Exercise data:
########
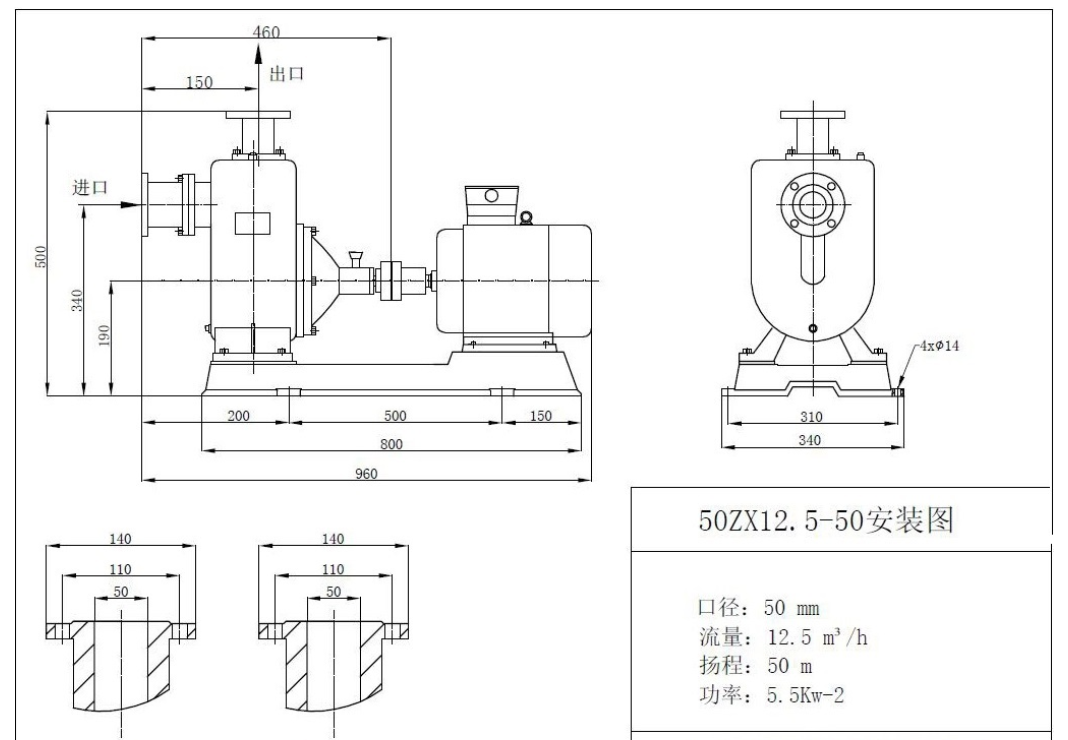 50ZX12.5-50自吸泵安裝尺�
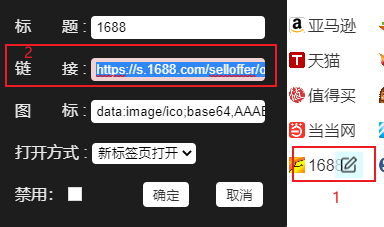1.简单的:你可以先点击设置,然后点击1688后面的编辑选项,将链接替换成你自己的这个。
########
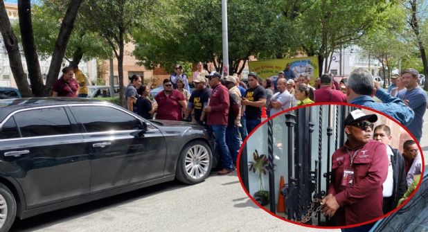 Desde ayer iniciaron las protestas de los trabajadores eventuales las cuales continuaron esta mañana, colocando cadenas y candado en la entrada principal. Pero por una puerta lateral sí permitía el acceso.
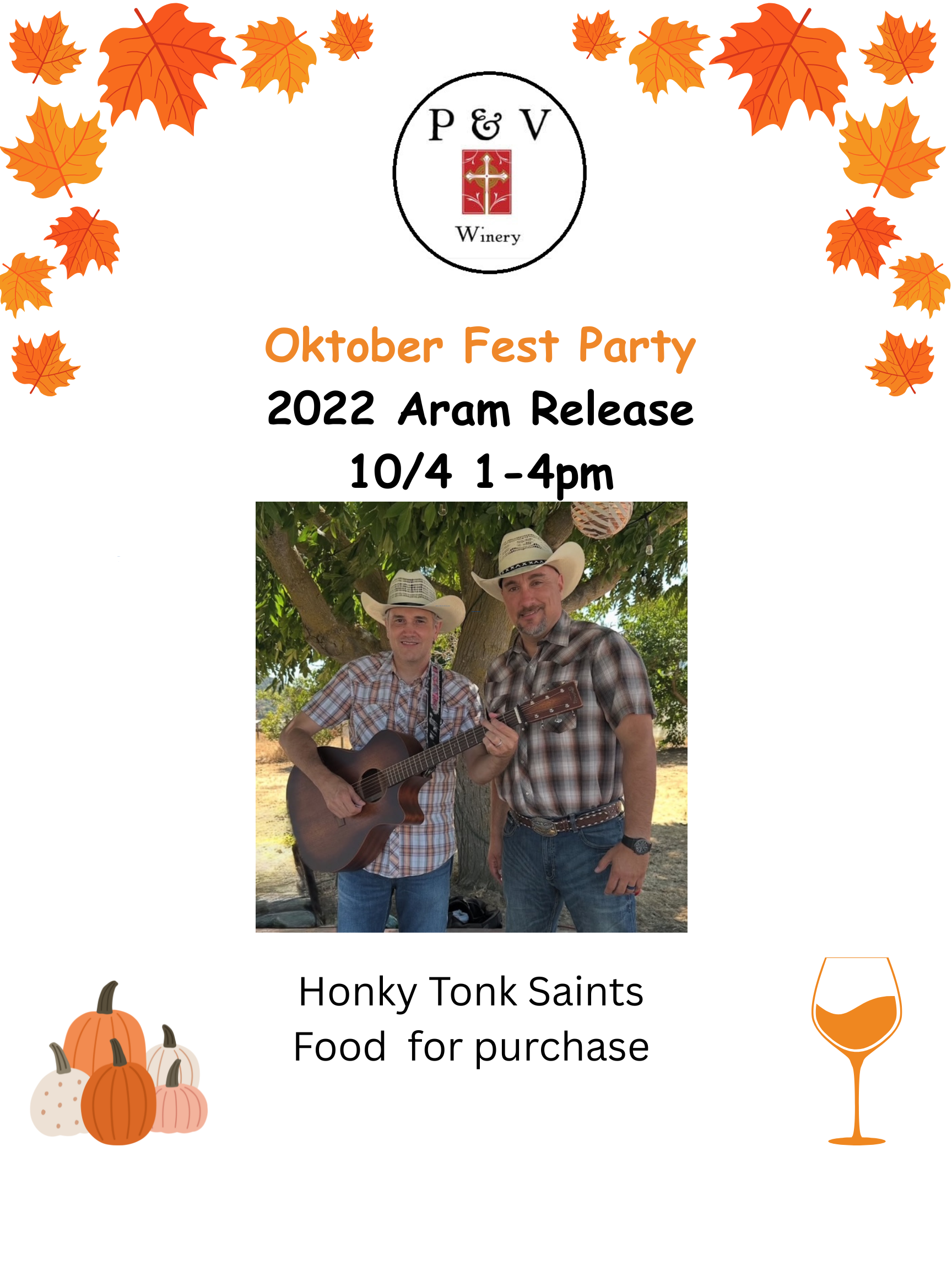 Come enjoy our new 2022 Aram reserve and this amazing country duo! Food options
########
Required work: For the material above, give again only the lines starting at the line that contains "Desde ayer iniciaron" and ending at the line that contains "Come enjoy our". Pictures do not belong in the copy.

Answer area:
 Desde ayer iniciaron las protestas de los trabajadores eventuales las cuales continuaron esta mañana, colocando cadenas y candado en la entrada principal. Pero por una puerta lateral sí permitía el acceso.
 Come enjoy our new 2022 Aram reserve and this amazing country duo! Food options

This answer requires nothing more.